Bookworm-project / BookwormDB

Tools for text tokenization and encoding
MIT License
84 stars 12 forks source link

UnicodeEncodeError #77

Closed tpmccallum closed 9 years ago

tpmccallum commented 9 years ago

Hi, I have an error when running the make file. I have pasted the message below. It seems as though I have an encoding issue, however I have been very careful to encode everything using utf8 (including filenames) and am therefore not so sure the issue is with my content. Any help will be greatly appreciated.

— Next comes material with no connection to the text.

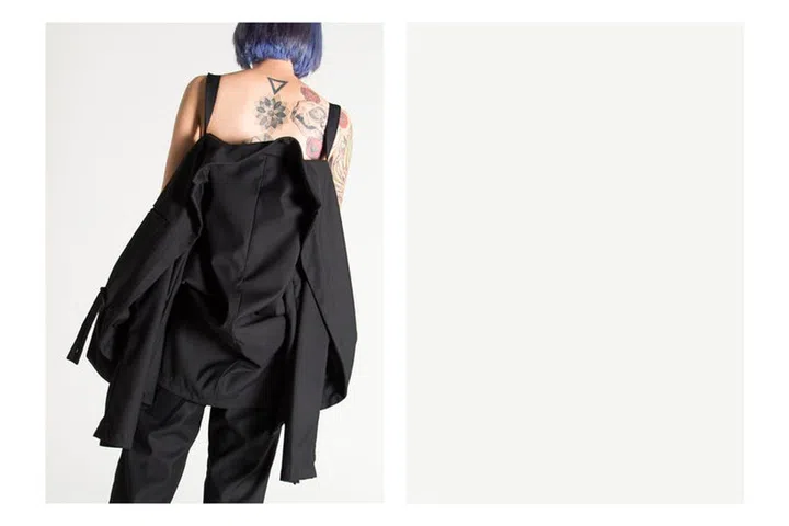 They held a low-key party in April at the industrial Ubi area to debut their capsule collection - the Vetements-esque approach to showcasing their design perfectly reflected the discreet ethos of their fledgling brand. Perhaps it's the more industrial nature of what they do (architecture and engineering, hello?), but the five-piece collection, though small, feels extremely consise and considered. Reasonably priced between S$180-$300, the collection comprises of two white shirts, two pants and my favourite, a jacket that can be worn in multiple ways, laissez faire style, via hidden straps, as seen below.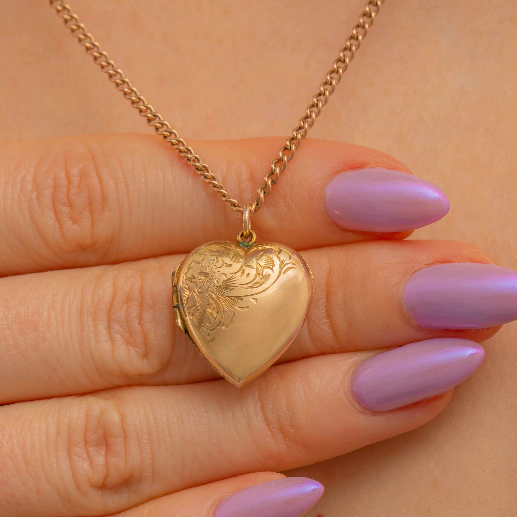 EXCELLENT. This antique 9ct Gold half engraved forget-me-not heart locke is in excellent condition, showing only mild wear consistent with its age. She opens and closes securely with a satisfying "click", with no visible damage or issues, making her a beautiful addition to your collection!

python OneClick.py database_metadata
Making a SQL table to hold the catalog data
loading data into catalog using LOAD DATA LOCAL INFILE...
/var/www/html/mccallum/bookworm/CreateDatabase.py:79: Warning: Row 3516 doesn't contain data for all columns
  cursor.execute(sql)
/var/www/html/mccallum/bookworm/CreateDatabase.py:84: Warning: Row 3516 doesn't contain data for all columns
  cursor.execute(sql)
Traceback (most recent call last):
  File "OneClick.py", line 211, in <module>
    getattr(program,method)()
  File "OneClick.py", line 88, in database_metadata
    Bookworm.load_book_list()
  File "/var/www/html/mccallum/bookworm/CreateDatabase.py", line 180, in load_book_list
    self.variableSet.loadMetadata()
  File "/var/www/html/mccallum/bookworm/variableSet.py", line 682, in loadMetadata
    db.query(loadcode)
  File "/var/www/html/mccallum/bookworm/CreateDatabase.py", line 84, in query
    cursor.execute(sql)
  File "/usr/lib/python2.7/dist-packages/MySQLdb/cursors.py", line 176, in execute
    if not self._defer_warnings: self._warning_check()
  File "/usr/lib/python2.7/dist-packages/MySQLdb/cursors.py", line 92, in _warning_check
    warn(w[-1], self.Warning, 3)
  File "/usr/lib/python2.7/warnings.py", line 29, in _show_warning
    file.write(formatwarning(message, category, filename, lineno, line))
  File "/usr/lib/python2.7/warnings.py", line 38, in formatwarning
    s =  "%s:%s: %s: %s\n" % (filename, lineno, category.__name__, message)
UnicodeEncodeError: 'ascii' codec can't encode characters in position 43-44: ordinal not in range(128)
make: *** [files/targets/database_metadata] Error 1
bmschmidt commented 9 years ago

This seems to involve not the ingested data itself, but the MySQL query used to load it in.

Is it possible that one of the metadata fields on your bookworm is identified with a unicode key ("nóm_de_plume", or something)? It looks like the current code may require those to be ASCII. (Which is not ideal or documented.)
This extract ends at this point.